A standard requirement for wallets to not become money transmitters is to let purely the owner of the keys compose and transact transactions. While a good implementation significantly reduces the chance of attacker based fund losses, it also increases the chance of user losing funds (due to password or mnemonic key losses). Even though the reputation of non-custodial wallets is to be limited in functionality, most functionalities can be replicated even dissolving the concept.
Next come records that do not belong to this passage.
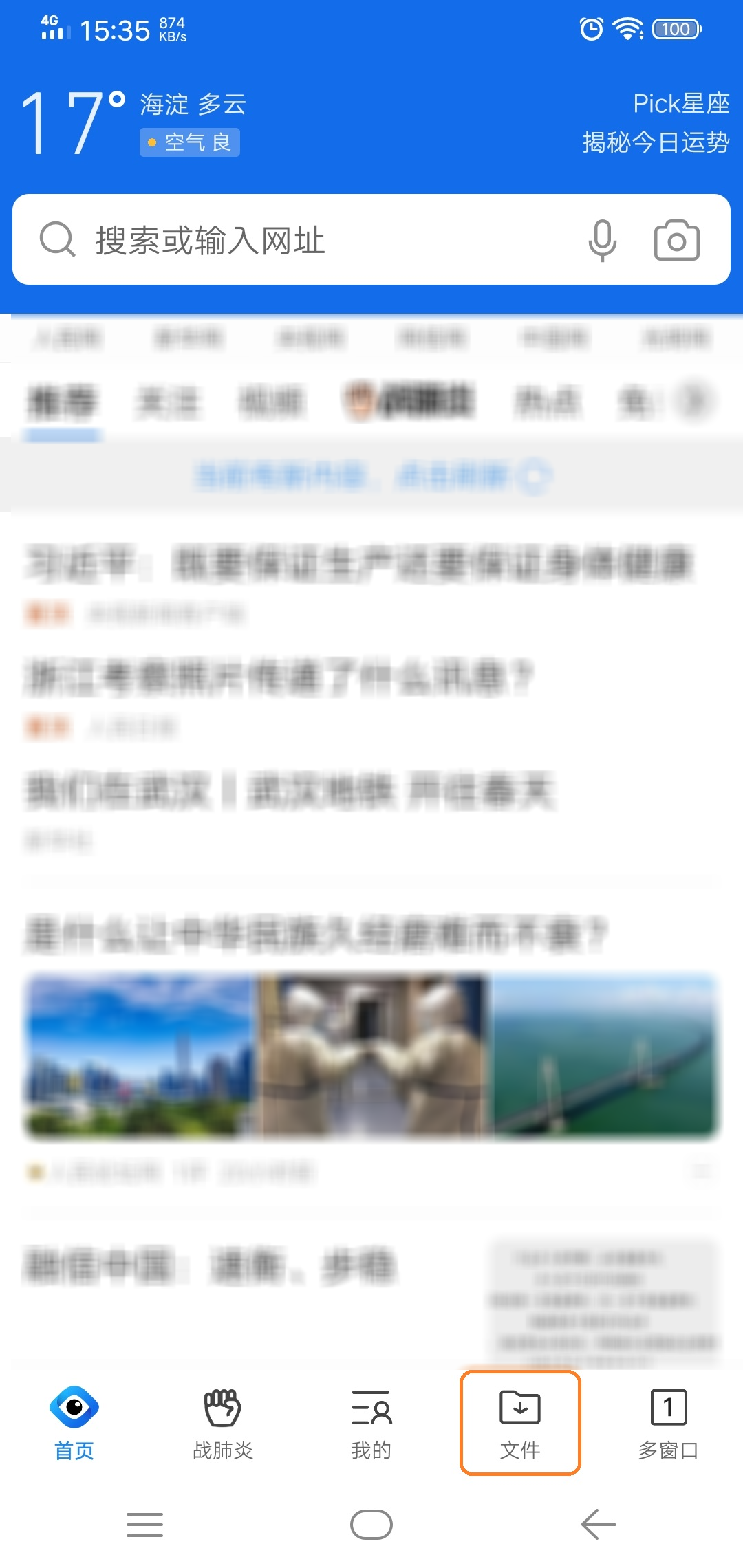 第二步,QQ浏览器打开以后,点击界面下方的【文件】选项。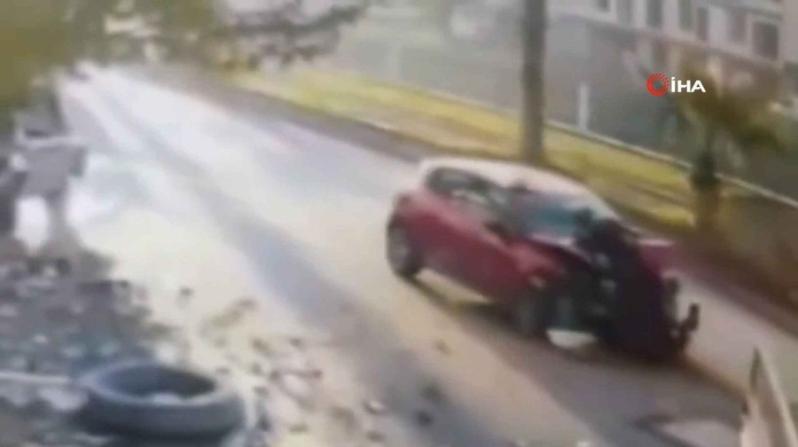 Kaza, çevredeki bir iş yerinin güvenlik kamerasınca kaydedildi.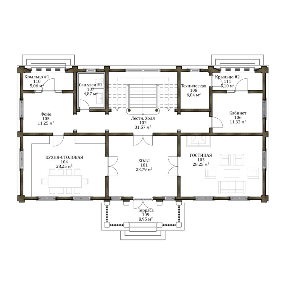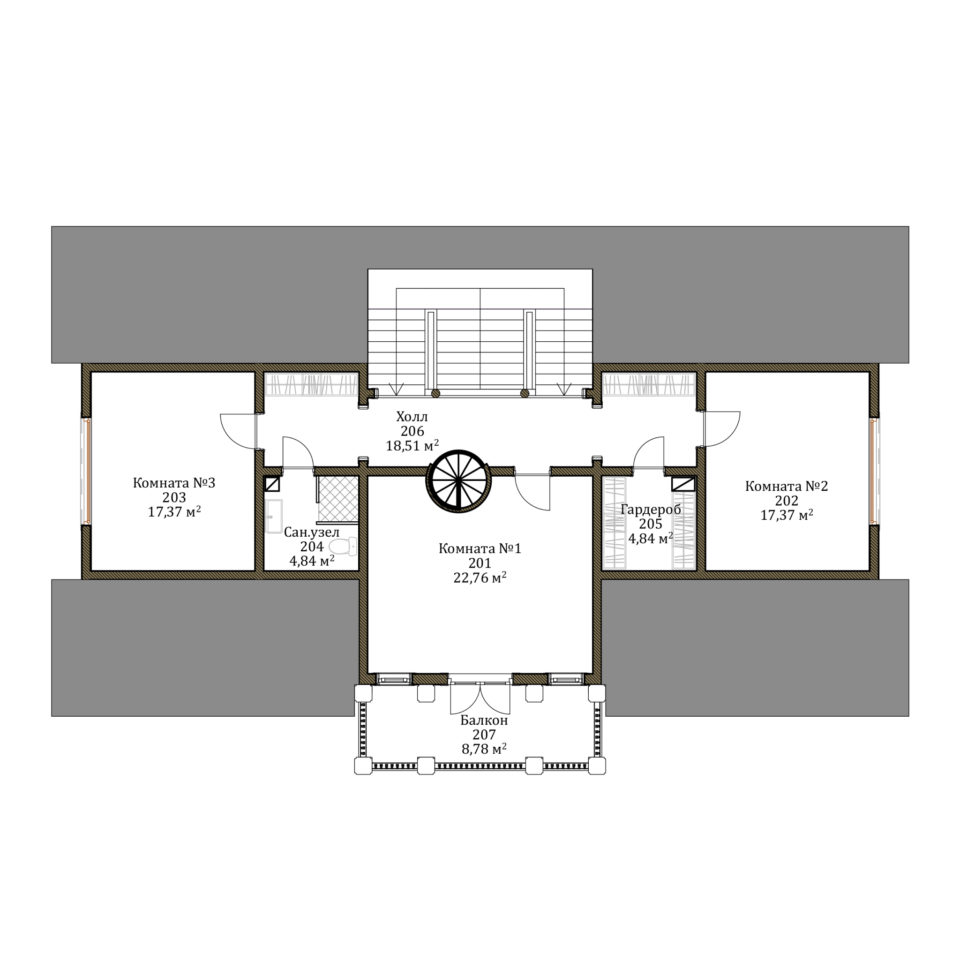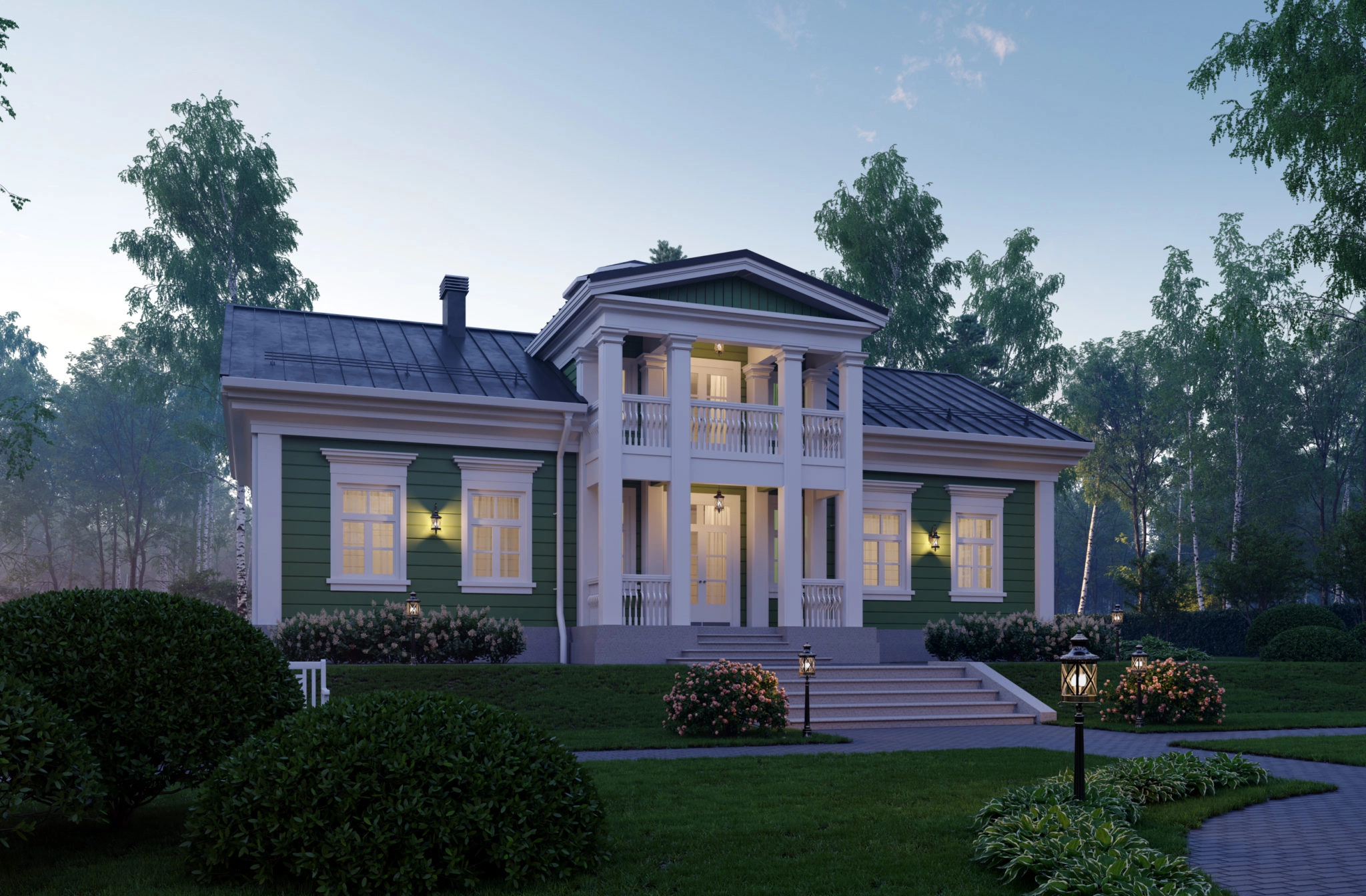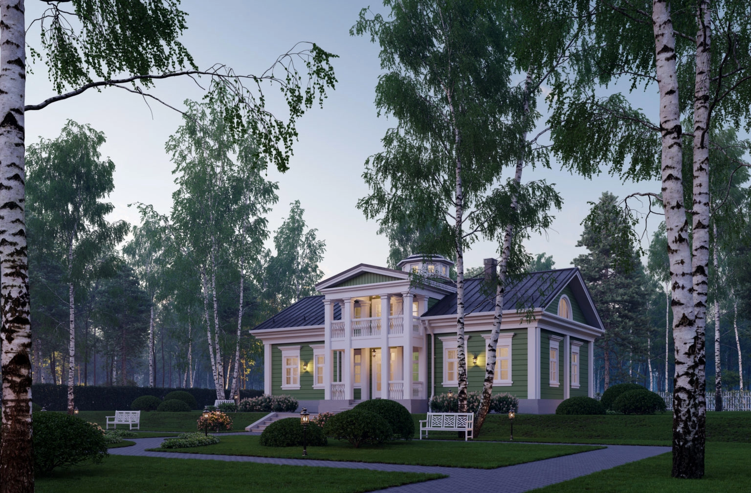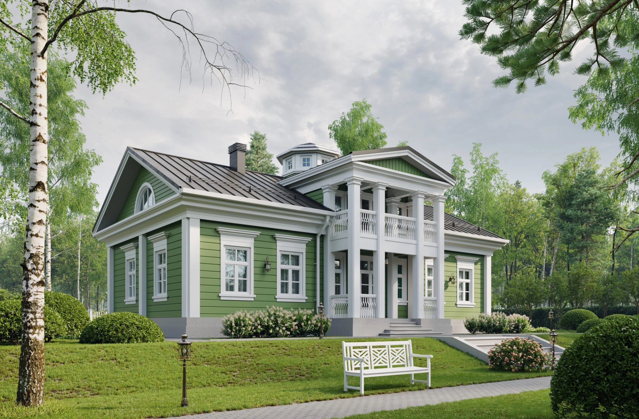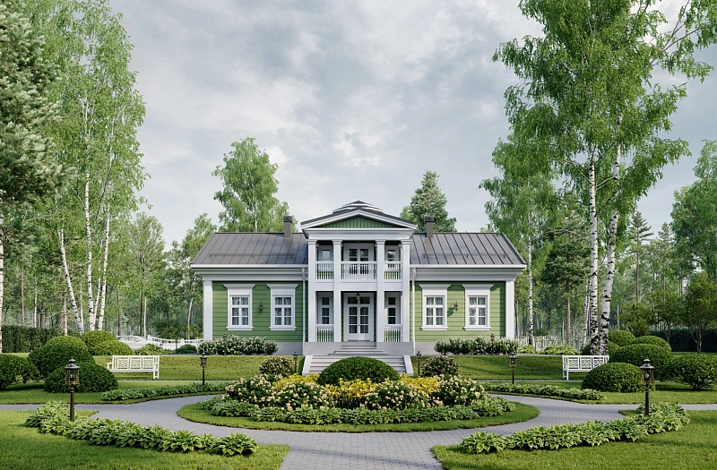 Двухэтажный дом рассчитан на семью из 5 человек. Вход оформлен классическим портиком с четырьмя колоннами. На первом этаже по принципу анфилады мы разместили общие помещения: гостиную, холл, кухню-столовую. Отдельно расположен хозяйский кабинет, имеющий выход на террасу. Технические помещения отделены от жилых внутренним холлом, ведущим к лестнице на второй этаж. Второй этаж спроектирован в виде мансарды. В центральной же части, над главным входом, располагается высокая часть с полным этажом и чердачной крышей. Из холла второго этажа по винтовой лестнице можно попасть в бельведер — круглую обзорную башню, откуда открывается панорамный вид на окружающий пейзаж. Кроме того, на втором этаже мы разместили три личных комнаты, ванную и кладовую. Мастер-спальня имеет выход на просторный балкон. Усадьба Argentum подходит тем, кто ценит классическую эстетику и современный подход к интерпретации традиционных ценностей.

What does non-custodial actually mean
While the definition states that the users need to be in full control of their funds and in extended version, wallet service providers shall not be fiduciaries of the money, the definition is still wide open. While some wallet providers such as MoneyButton encrypt their Mnemonics with a password (which requires the user to never forget their password, the equivalent is the Relysia Secure Wallet), others go with “keyless solutions”, where the key is fragmented in multiple parts (owned by various providers, equivalent is the Relysia Standard Wallet). The question in both solutions is rather to which degree it is impossible to intrude the users security, but certainly none of the solutions provide any bullet proof security. The question then is, do we define as non-custodial an application based on effort it would take to take custody? (cracking a short password or hacking the client side application/internal structure). One may argue above named steps are basic server security requirements (that face the same dilemma), not specific blockchain or crypto based standard measures. It likely comes rather down to the base operational practices of a wallet infrastructure whether they access keys without permission or not.
Even without a non-user triggered key usage, there is a wide variety of p2p inspired methods to make full usage of our newly discovered “programmable” money. Transaction bundles can be composed, but not submitted (equivalent to writing a cheque), and thus be used in auctioning mechanisms. Other methods including bitcoin script based atomic swaps to exchange goods (another pre-composed bundle, just in different shape), that are especially attractive in combination with tokenization contracts. We think that different types of non-custodial wallets with different security standards are best suited to offer each client group the best service for their needs. While some users prefer the ease of use, and password reset functionalities of standard wallets, others prefer the higher degree of security with password protected or even multi signature based wallets.
The debate on methods related to creating non-custodian wallets will likely fade over time in the background of blockchain adoption, as regulations are not fine grained enough to create clear definitions. We thus take the user experience first, and let everyone pick the combination of utility and security they require for their individual applications.